_Dataset extract_
────────

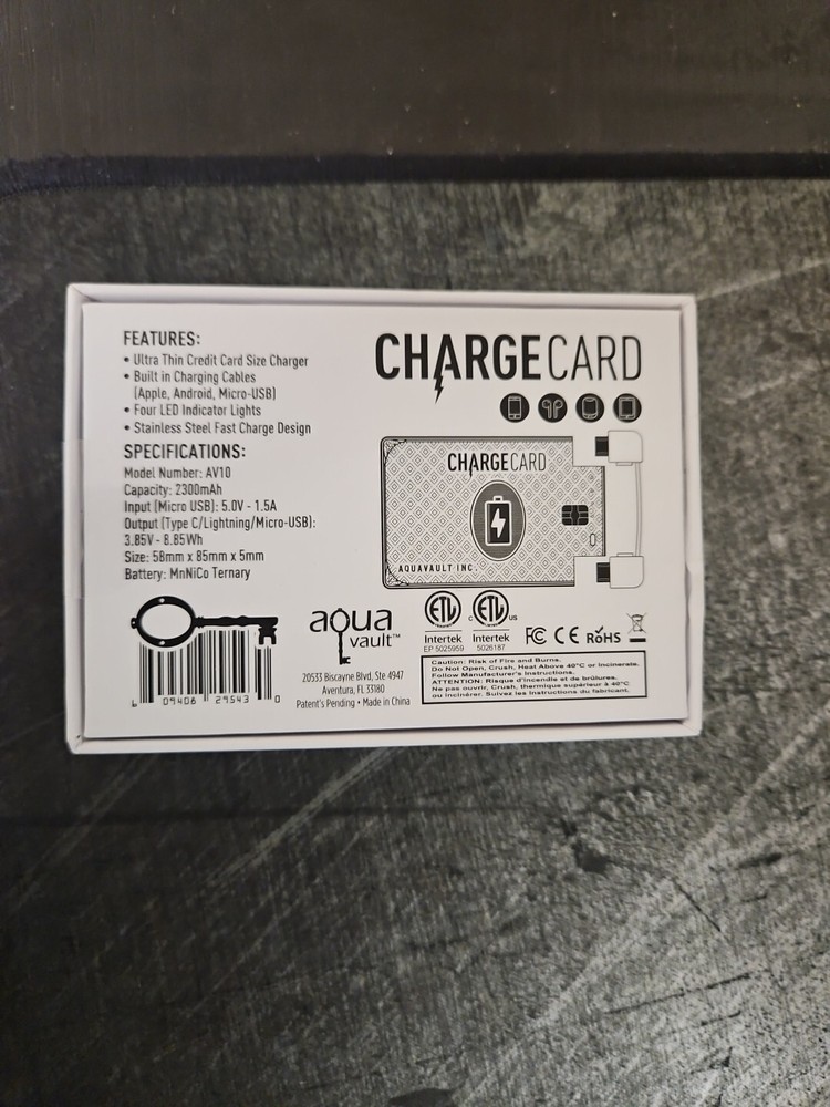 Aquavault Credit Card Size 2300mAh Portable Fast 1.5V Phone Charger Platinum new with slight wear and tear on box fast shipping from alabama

────────

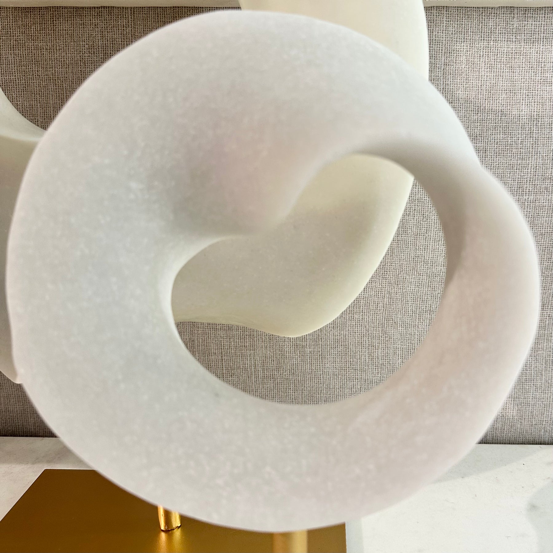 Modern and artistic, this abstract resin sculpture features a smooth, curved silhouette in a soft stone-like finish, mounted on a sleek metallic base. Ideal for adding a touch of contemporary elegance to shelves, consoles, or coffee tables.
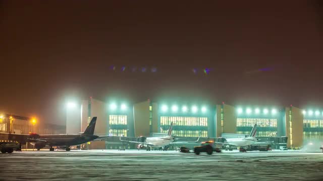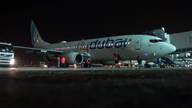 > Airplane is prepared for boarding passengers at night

────────

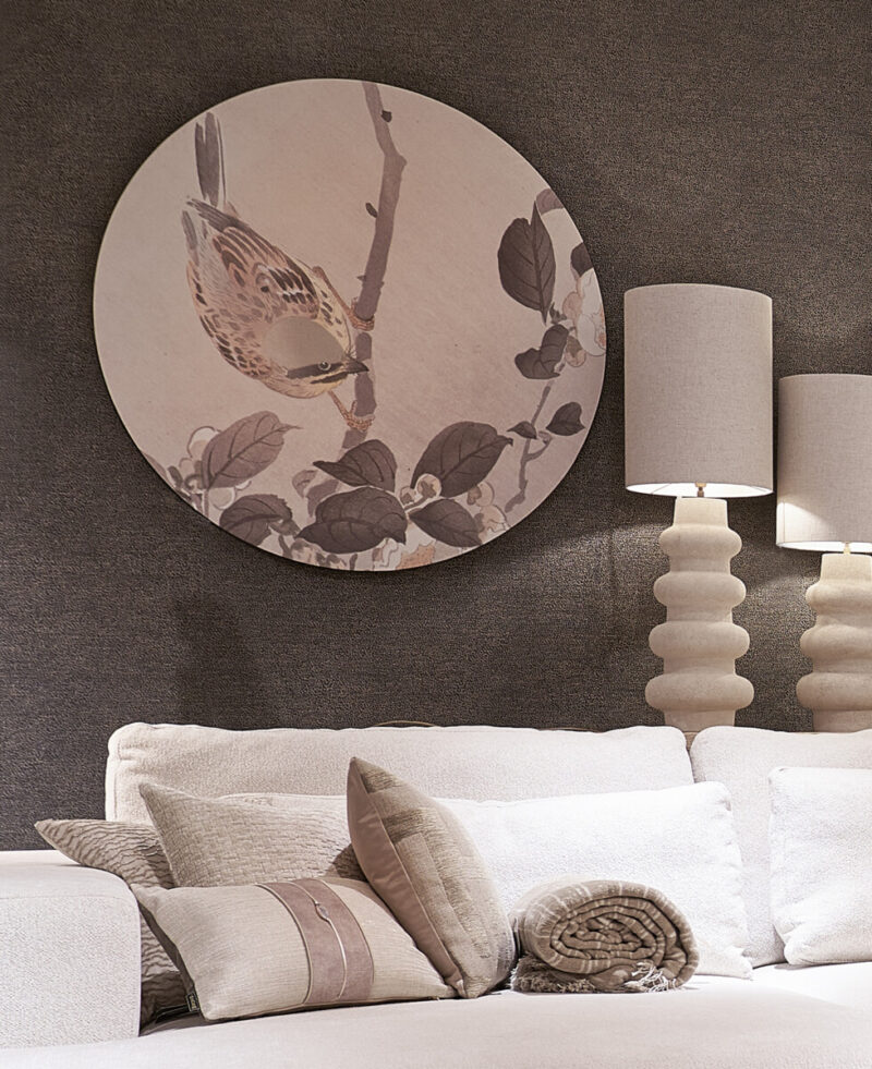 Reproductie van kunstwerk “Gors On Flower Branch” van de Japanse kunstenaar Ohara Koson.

────────

Return only the stretch above from the line containing "Modern and artistic, this" through the line containing "passengers at night", word for word and without pictures.

 Modern and artistic, this abstract resin sculpture features a smooth, curved silhouette in a soft stone-like finish, mounted on a sleek metallic base. Ideal for adding a touch of contemporary elegance to shelves, consoles, or coffee tables.
 > Airplane is prepared for boarding passengers at night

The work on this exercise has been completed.